The last important parameter is the duration of vergence movements, or the total lasting time between the onset and the offset of vergence. As with the other parameters mentioned, there is some difference in duration between convergence and divergence movements. Hung et al.,
19 using step amplitudes of 2° to 16°, reported shorter durations for convergence (389–709 ms) than for divergence (489–1141 ms). In the study of Leeuwen et al.,
22 the duration of vergence along the median plane ranged between 150 and 650 ms, was slightly shorter for convergence than for divergence, and was not dependent on the vergence peak velocity. In our previous studies, adults and children experienced longer durations for divergence than for convergence.
12 Children younger than 8 years experienced longer durations of vergence than older children and adults but no difference in peak velocity.
The effects of aging on peak velocity and duration of vergence are unclear. The present study examines the gain, velocity, and duration of convergence and divergence, starting from different initial vergence angles corresponding to different distances in elderly and young adults. The ensemble of findings allows a more comprehensive physiologic characterization of vergence performances in elderly compared with young adults.
Each trial started with the lighting of a fixation LED at the center. The fixation LED stayed on for a random period between 1.5 and 2 seconds. In the gap task, there was an interval of 200 ms between the offset of the fixation point and the onset of the vergence target.
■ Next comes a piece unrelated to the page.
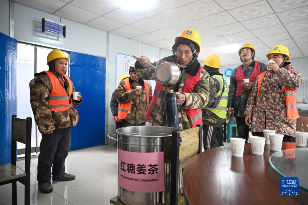 12月12日,在中建二局北方公司天津泰康項目工地,工人在飲用為他們準備的紅糖薑茶驅寒。

The target LED was kept on for 1.5 seconds
(Fig. 1B) . In the overlap task, the fixation point remained illuminated for 200 ms after the target LED appeared. The target stayed on for another 1.5 seconds
(Fig. 1C) . Subjects were required to make a vergence to the other central target LED as rapidly and accurately as possible. A 500-ms period of darkness separated the trials. Subjects were instructed to use this period for blinks. The total mean length of each trial was approximately 4 seconds. In each block, divergence (20–40 cm or 40–150 cm) and convergence (150–40 cm or 40–20 cm) were interleaved randomly at equal rates. Each block contained 60 trials and lasted 4 minutes; each subject performed two blocks, one in the gap condition and another in the overlap condition.
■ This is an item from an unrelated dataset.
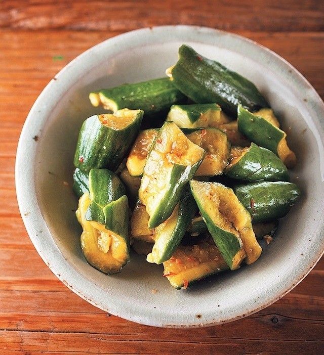 きゅうりをたたいて割れば、包丁いらずで味もよくしみこみます。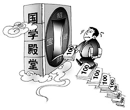 噱头光鲜,漫天要价。国学培训班往往打着大师旗号,收费不菲。刘兆基表示,太和文思的国学班收费是每月7500元,并且“只是目前的标价”,随着未来教育资源的完善,收费将提高到1.5万元,“我们能让孩子与顶尖的大师接触,范曾、刘欢,我们都可以联系到。”黄先生说,三畏书院近30天的夏令营价格为3900元,书院包吃包住。

A calibration sequence was performed at the beginning and the end of each block; the target made the following predictive sequence for each viewing distance: center, 5° to left, center, 10° to left, center, 5° to right, center, 10° to right, center; the target stayed at each location for 2 seconds From these recordings, we extracted calibration factors.
From the two individual calibrated eye position signals, we derived the disconjugate signal (left eye − right eye). Onset and offset of vergence eye movements were defined as the points at which the vergence velocity exceeded or dropped 5°/sec (
Fig. 2 , points “i” and “e”, respectively). The process was performed automatically by computer, and verification was made by visual inspection of individual eye position and velocity trace.
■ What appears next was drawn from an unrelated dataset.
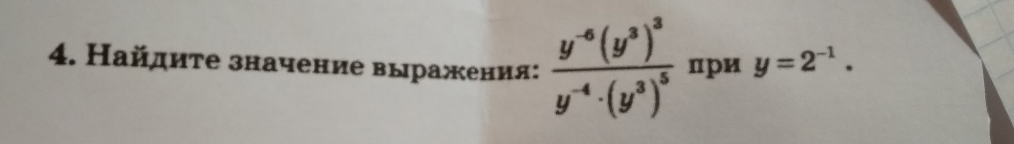 frac{y^{-6}*(y^{3})^{3}}{y^{-4}*(y^{3})^{5}}=frac{y^{-6}*y^{9}}{y^{-4}*y^{15}}=frac{y^{-6+9} }{y^{-4+15} }=frac{y^{3} }{y^{11} }=y^{3-11} =y^{-8}\\(2^{-1})^{-8}=2^{8}=256

For convergence and divergence, we measured the peak velocity (value “v” at the velocity trace;
Fig. 2 ), the gain (ratio of the amplitude of vergence [“i” to “e” at position trace;
Fig. 2 ] over the amplitude of the target excursion in depth), the duration, the time between “i” and “e,” the amplitude, and the duration of acceleration phase and deceleration phase (“i” to “v” and “v” to “e,” respectively, on the position trace;
Fig. 2 ).
Eye movements in the wrong direction, with latency shorter than 80 ms (anticipation), longer than 800 ms, or contaminated by blinks were rejected. Seven percent of the trials for young adults and 9% of the trials for older subjects had to be rejected based on these criteria.
Multiple analysis of variance (ANOVA) was performed on individual mean values of each parameter with the between-subjects factor age (young, elderly) and the within-subjects factors target distance (near, far) and type of vergence (convergence, divergence). Post hoc comparisons were made with the least significant differences test.